Blanche Whatley was standing in the kitchen of her Beauregard home on Lee Road 11, trying to coax her dogs in, when Sunday’s storm came ripping through her neighborhood.
“The wind came up, and a window broke out,” she said. “I could hear a vibration. It was kind of like a train, I guess, and I guess it went over the house.”
Whatley and her granddaughter, Emily Scurnopoli, who lives with her, were unharmed by the tornado.
But sheets of tin that once put a roof over their heads were strewn about the neighborhood as friends and family members worked to place a tarp over the roof and help collect debris from the downed trees on the property.
The smell of pine sap hung in the air as a result of the trees that snapped under the force of the storm.
Multiple sheds were knocked down by the gusts, Whatley said, including one that the wind picked up and moved elsewhere in the yard.
“I just knew it was coming in the house,” Whatley said. “But the house is OK. The cars are ok.”
Just up the road, a Lee County Sheriff’s Office patrol car was parked across Lee Road 39. As dusk approached Saturday evening, a deputy told motorists that only first responders were still being allowed on the road at that time.

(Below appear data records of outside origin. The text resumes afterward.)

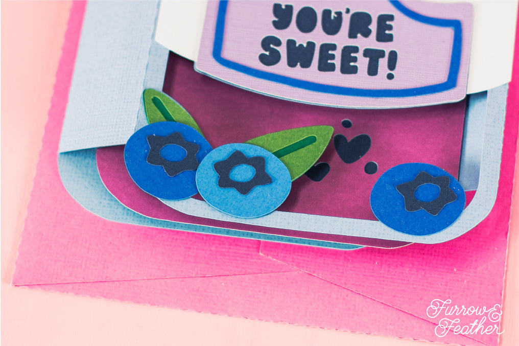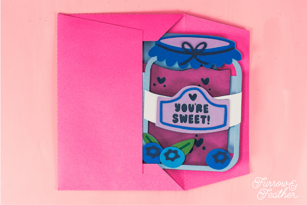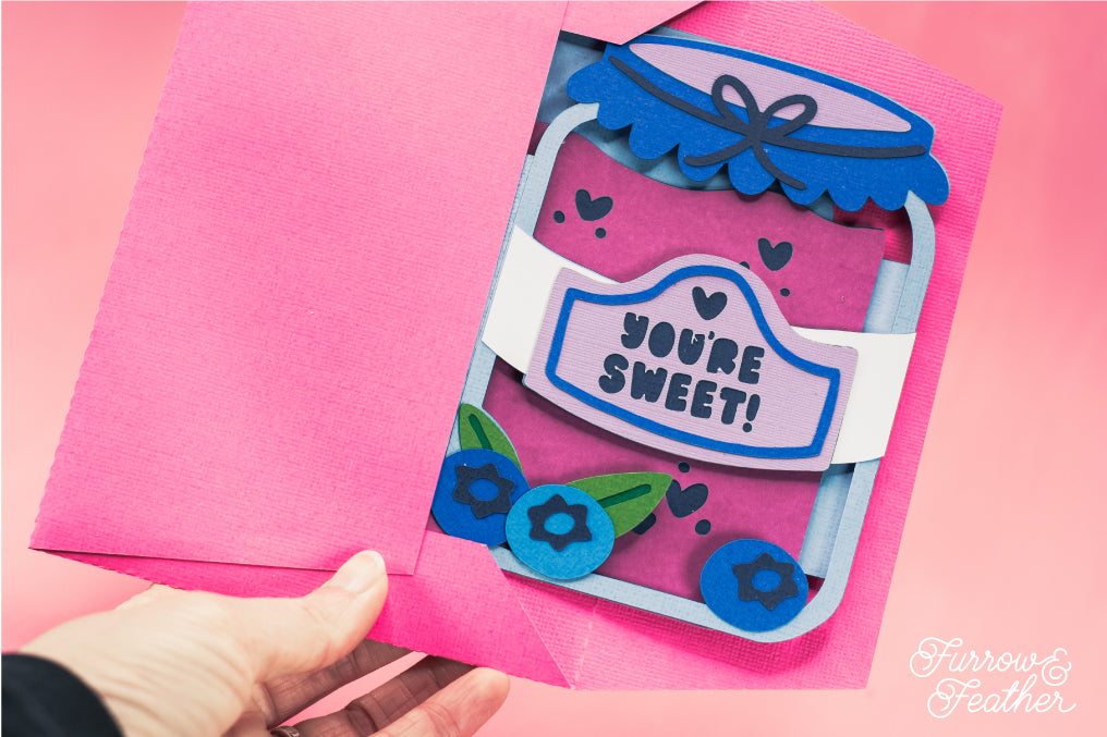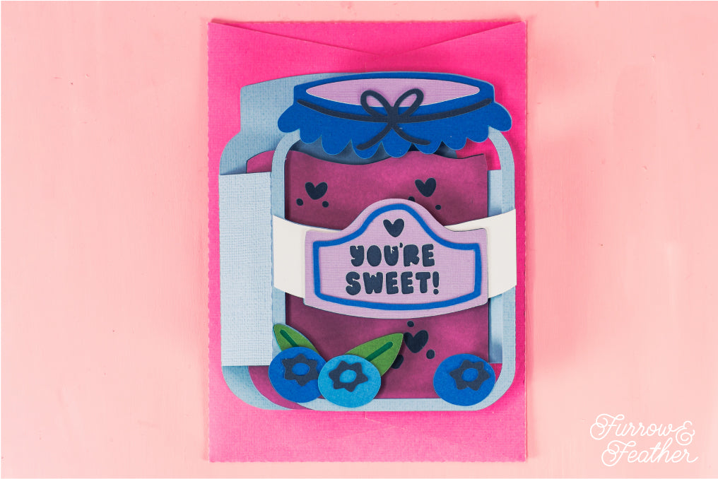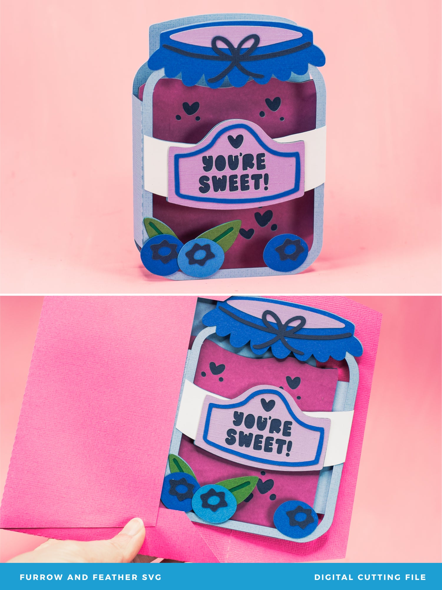 Create an adorable Birthday Card with this You're Sweet! - Blueberry Jam Jar - Birthday Card SVG! Featuring a jar of blueberry jam, and some blueberries in the front, this cutting file is perfect for Cricut and Silhouette cutting machines. This card would also work great for Valentine's Day. The card folds flat for easy mailing and fits perfectly in the included 5x7” envelope cut file. Explore more of my Birthday Day card designs for even more cute and creative ideas!
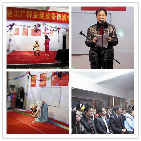 2014年12月30日下午,洋溢着浓浓喜庆气氛的元旦文艺晚会在总部实验工厂职工活动中心拉开帷幕。晚会节目均由职工自主编排,该厂全体干部职工均参加晚会。歌舞、小品、相声、二人转……品种多样,幽默风趣,会场座无虚席,叫好声和欢笑声此起彼伏。
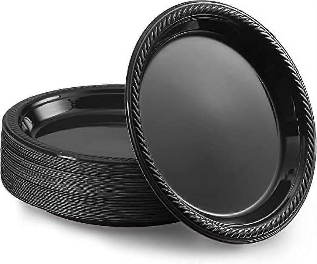 VeZee's Cuisine 9 Inches Disposable Black Plastic plates Good to use in Microwave, Best for home Parties, Restaurant, & Deli: 400 Count
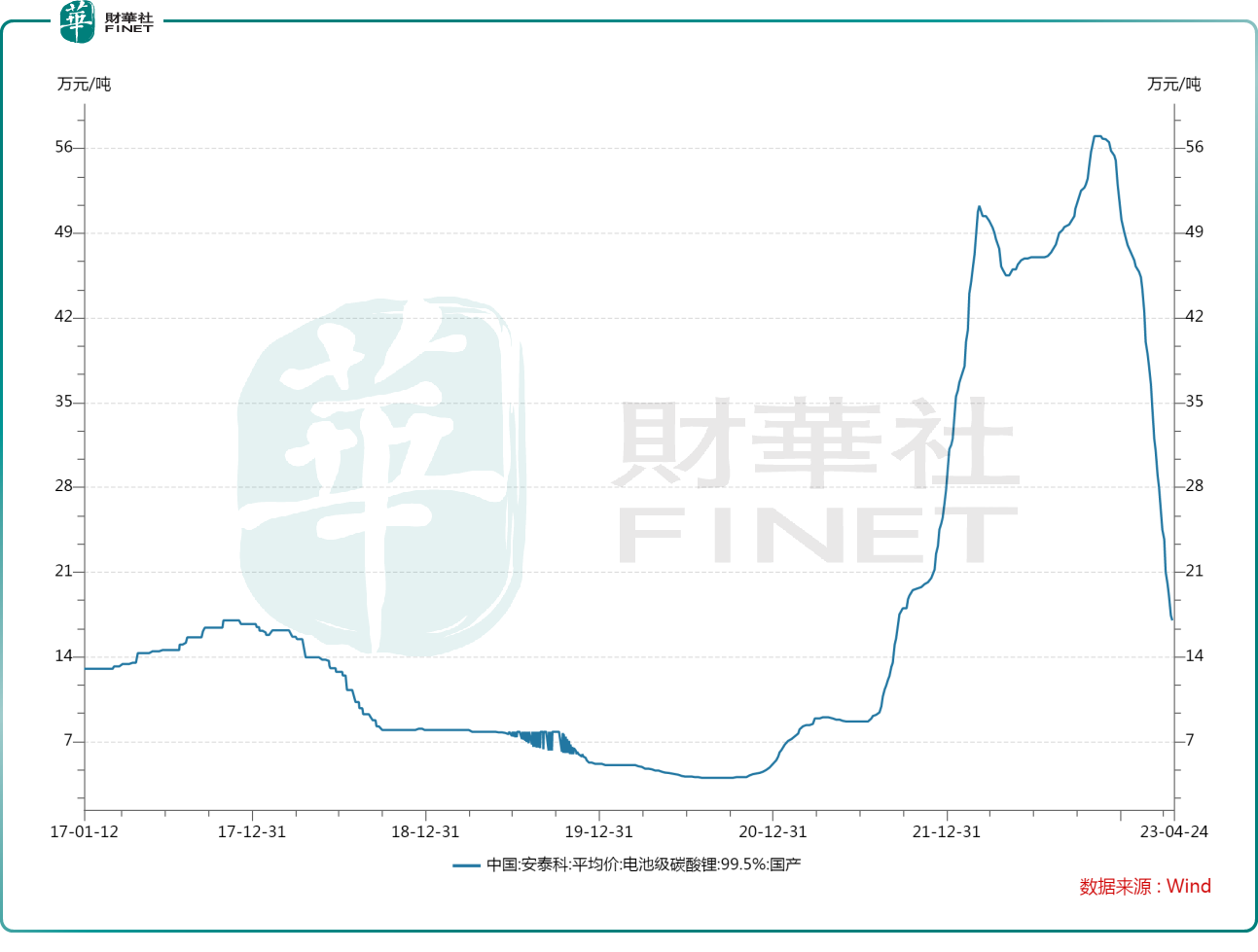 步入2023年,锂价格走势更是急转直下,截至4月24日,电池级碳酸锂市场价格约为17万元/吨,较年初跌幅超6成。
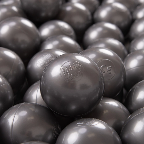 KiddyMoon Soft Plastic Play Balls ∅ 7cm/2.75in Mono-colour certified Made in EU, silver, 200 Balls/7cm-2.75in

Beauregard Volunteer Fire Station 3 acted as a triage, where responders brought injured residents, and a staging area was set up and Sanford Middle School, where volunteers rolled in, including disaster response teams from Church of the Highlands and the Tuskegee Lee Baptist Association.
Multiple agencies flocked to Beauregard to aid in immediate recovery Sunday afternoon, including Lee County Emergency Management Agency disaster relief, Lanett Fire and EMS, Smiths Station Fire, Beulah Fire and Rescue, Auburn Police Division, Opelika Police Department, Uchee Creek Volunteer Fire Department and Alabama state troopers.